== Segment start ==

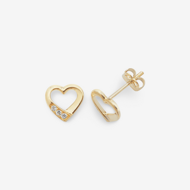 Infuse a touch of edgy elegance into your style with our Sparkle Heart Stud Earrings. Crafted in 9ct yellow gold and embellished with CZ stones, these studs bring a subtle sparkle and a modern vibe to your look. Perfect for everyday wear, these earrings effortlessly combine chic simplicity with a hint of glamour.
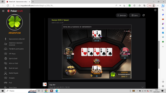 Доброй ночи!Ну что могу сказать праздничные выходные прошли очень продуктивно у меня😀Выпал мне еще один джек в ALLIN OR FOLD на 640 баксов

== Segment end ==
== Segment start ==

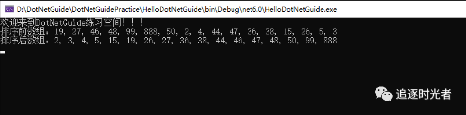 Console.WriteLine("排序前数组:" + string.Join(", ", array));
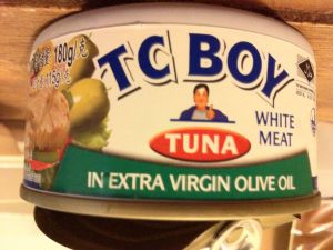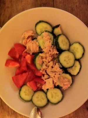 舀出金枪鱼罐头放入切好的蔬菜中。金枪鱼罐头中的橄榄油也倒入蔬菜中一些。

== Segment end ==
== Segment start ==

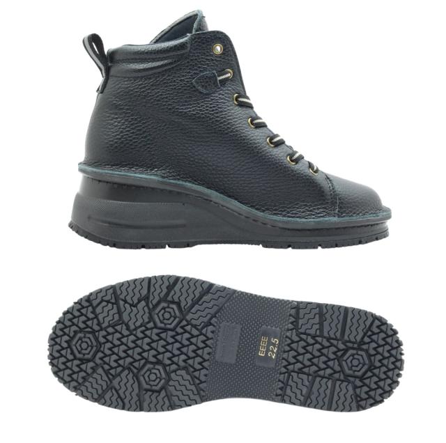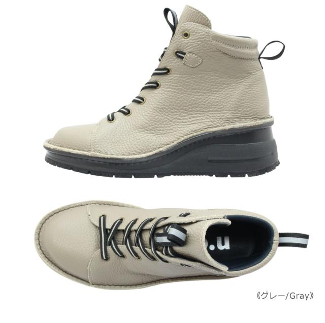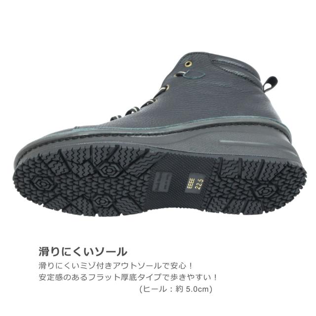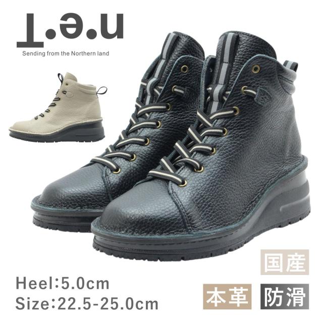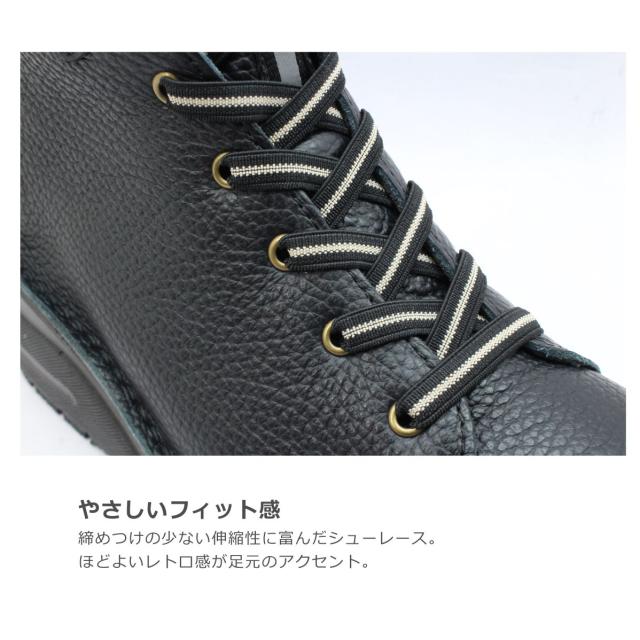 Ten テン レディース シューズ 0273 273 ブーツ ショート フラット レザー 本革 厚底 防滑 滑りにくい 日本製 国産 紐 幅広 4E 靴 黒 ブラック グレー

== Segment end ==

> [THE PROBLEM]: Give again the stretch of the entries above that begins at the line with "Infuse a touch" and ends at the line with "Доброй ночи!Ну что", word for word, with no pictures.

> [SOLUTION]:
 Infuse a touch of edgy elegance into your style with our Sparkle Heart Stud Earrings. Crafted in 9ct yellow gold and embellished with CZ stones, these studs bring a subtle sparkle and a modern vibe to your look. Perfect for everyday wear, these earrings effortlessly combine chic simplicity with a hint of glamour.
 Доброй ночи!Ну что могу сказать праздничные выходные прошли очень продуктивно у меня😀Выпал мне еще один джек в ALLIN OR FOLD на 640 баксов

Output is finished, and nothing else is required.